EXERCISE OBJECTIVE: Only the records, exactly as written, belong in the answer; pictures do not.

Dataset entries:
--*--

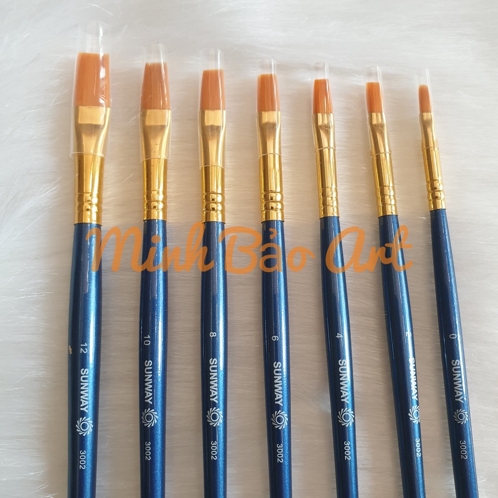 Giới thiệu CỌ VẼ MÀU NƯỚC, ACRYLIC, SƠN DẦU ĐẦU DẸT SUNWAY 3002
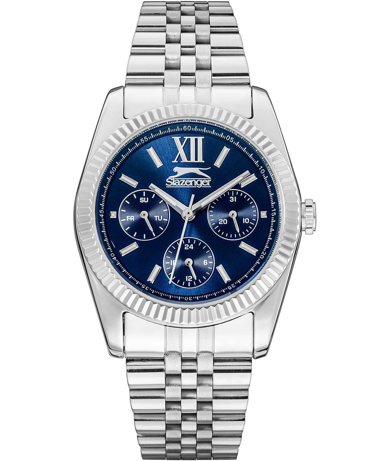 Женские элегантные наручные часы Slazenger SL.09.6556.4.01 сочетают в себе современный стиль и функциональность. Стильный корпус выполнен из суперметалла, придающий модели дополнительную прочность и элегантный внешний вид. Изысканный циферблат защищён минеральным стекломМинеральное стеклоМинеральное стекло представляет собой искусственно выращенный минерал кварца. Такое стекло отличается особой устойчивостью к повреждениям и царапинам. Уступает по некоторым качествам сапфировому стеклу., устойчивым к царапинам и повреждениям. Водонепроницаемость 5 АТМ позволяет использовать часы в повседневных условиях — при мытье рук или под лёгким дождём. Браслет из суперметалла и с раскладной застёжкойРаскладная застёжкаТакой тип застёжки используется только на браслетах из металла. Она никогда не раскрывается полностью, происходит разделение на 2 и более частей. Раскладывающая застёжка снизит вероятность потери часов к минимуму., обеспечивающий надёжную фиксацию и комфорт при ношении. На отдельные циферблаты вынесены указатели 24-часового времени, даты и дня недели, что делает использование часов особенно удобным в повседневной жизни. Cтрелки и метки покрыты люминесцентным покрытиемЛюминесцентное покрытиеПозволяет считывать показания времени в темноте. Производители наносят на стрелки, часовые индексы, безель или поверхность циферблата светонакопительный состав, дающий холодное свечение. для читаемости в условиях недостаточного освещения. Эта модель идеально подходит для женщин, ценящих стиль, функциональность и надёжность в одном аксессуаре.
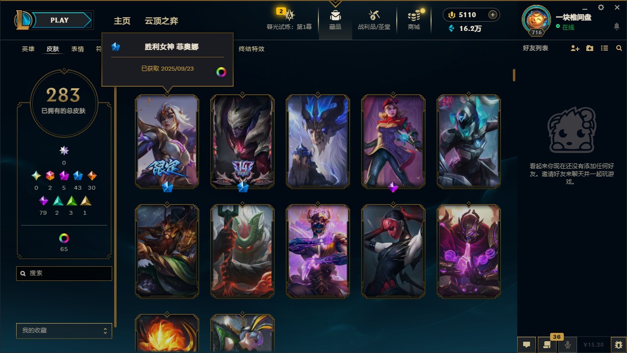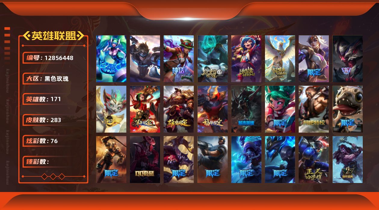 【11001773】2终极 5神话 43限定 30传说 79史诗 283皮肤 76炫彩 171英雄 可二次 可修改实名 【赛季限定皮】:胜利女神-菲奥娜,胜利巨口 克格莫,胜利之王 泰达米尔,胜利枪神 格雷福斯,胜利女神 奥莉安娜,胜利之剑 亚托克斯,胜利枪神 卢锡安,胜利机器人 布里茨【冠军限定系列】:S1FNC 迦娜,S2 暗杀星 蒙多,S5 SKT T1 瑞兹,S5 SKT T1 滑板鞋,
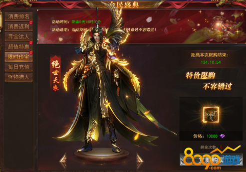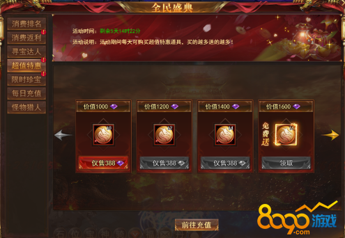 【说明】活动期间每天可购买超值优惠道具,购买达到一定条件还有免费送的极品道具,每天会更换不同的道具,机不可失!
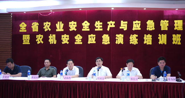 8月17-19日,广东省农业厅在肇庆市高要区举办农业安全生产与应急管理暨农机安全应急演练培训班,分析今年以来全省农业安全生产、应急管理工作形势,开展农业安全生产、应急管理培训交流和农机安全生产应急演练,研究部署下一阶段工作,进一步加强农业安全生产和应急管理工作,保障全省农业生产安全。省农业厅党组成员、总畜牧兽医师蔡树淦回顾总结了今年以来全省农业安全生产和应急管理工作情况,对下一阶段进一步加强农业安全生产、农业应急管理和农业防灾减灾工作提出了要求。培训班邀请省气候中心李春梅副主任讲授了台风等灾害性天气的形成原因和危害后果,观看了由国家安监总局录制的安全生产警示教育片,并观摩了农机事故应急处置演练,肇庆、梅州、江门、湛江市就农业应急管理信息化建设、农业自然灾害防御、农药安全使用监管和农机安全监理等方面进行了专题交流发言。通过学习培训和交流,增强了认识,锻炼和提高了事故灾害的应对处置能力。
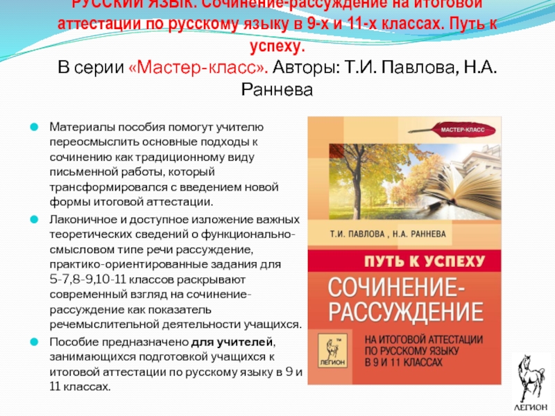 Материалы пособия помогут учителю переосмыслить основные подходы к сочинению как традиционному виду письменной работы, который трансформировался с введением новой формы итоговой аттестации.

--*--

ANSWER TO THE PROBLEM:
 Giới thiệu CỌ VẼ MÀU NƯỚC, ACRYLIC, SƠN DẦU ĐẦU DẸT SUNWAY 3002
 Женские элегантные наручные часы Slazenger SL.09.6556.4.01 сочетают в себе современный стиль и функциональность. Стильный корпус выполнен из суперметалла, придающий модели дополнительную прочность и элегантный внешний вид. Изысканный циферблат защищён минеральным стекломМинеральное стеклоМинеральное стекло представляет собой искусственно выращенный минерал кварца. Такое стекло отличается особой устойчивостью к повреждениям и царапинам. Уступает по некоторым качествам сапфировому стеклу., устойчивым к царапинам и повреждениям. Водонепроницаемость 5 АТМ позволяет использовать часы в повседневных условиях — при мытье рук или под лёгким дождём. Браслет из суперметалла и с раскладной застёжкойРаскладная застёжкаТакой тип застёжки используется только на браслетах из металла. Она никогда не раскрывается полностью, происходит разделение на 2 и более частей. Раскладывающая застёжка снизит вероятность потери часов к минимуму., обеспечивающий надёжную фиксацию и комфорт при ношении. На отдельные циферблаты вынесены указатели 24-часового времени, даты и дня недели, что делает использование часов особенно удобным в повседневной жизни. Cтрелки и метки покрыты люминесцентным покрытиемЛюминесцентное покрытиеПозволяет считывать показания времени в темноте. Производители наносят на стрелки, часовые индексы, безель или поверхность циферблата светонакопительный состав, дающий холодное свечение. для читаемости в условиях недостаточного освещения. Эта модель идеально подходит для женщин, ценящих стиль, функциональность и надёжность в одном аксессуаре.
 【11001773】2终极 5神话 43限定 30传说 79史诗 283皮肤 76炫彩 171英雄 可二次 可修改实名 【赛季限定皮】:胜利女神-菲奥娜,胜利巨口 克格莫,胜利之王 泰达米尔,胜利枪神 格雷福斯,胜利女神 奥莉安娜,胜利之剑 亚托克斯,胜利枪神 卢锡安,胜利机器人 布里茨【冠军限定系列】:S1FNC 迦娜,S2 暗杀星 蒙多,S5 SKT T1 瑞兹,S5 SKT T1 滑板鞋,
 【说明】活动期间每天可购买超值优惠道具,购买达到一定条件还有免费送的极品道具,每天会更换不同的道具,机不可失!
 8月17-19日,广东省农业厅在肇庆市高要区举办农业安全生产与应急管理暨农机安全应急演练培训班,分析今年以来全省农业安全生产、应急管理工作形势,开展农业安全生产、应急管理培训交流和农机安全生产应急演练,研究部署下一阶段工作,进一步加强农业安全生产和应急管理工作,保障全省农业生产安全。省农业厅党组成员、总畜牧兽医师蔡树淦回顾总结了今年以来全省农业安全生产和应急管理工作情况,对下一阶段进一步加强农业安全生产、农业应急管理和农业防灾减灾工作提出了要求。培训班邀请省气候中心李春梅副主任讲授了台风等灾害性天气的形成原因和危害后果,观看了由国家安监总局录制的安全生产警示教育片,并观摩了农机事故应急处置演练,肇庆、梅州、江门、湛江市就农业应急管理信息化建设、农业自然灾害防御、农药安全使用监管和农机安全监理等方面进行了专题交流发言。通过学习培训和交流,增强了认识,锻炼和提高了事故灾害的应对处置能力。
 Материалы пособия помогут учителю переосмыслить основные подходы к сочинению как традиционному виду письменной работы, который трансформировался с введением новой формы итоговой аттестации.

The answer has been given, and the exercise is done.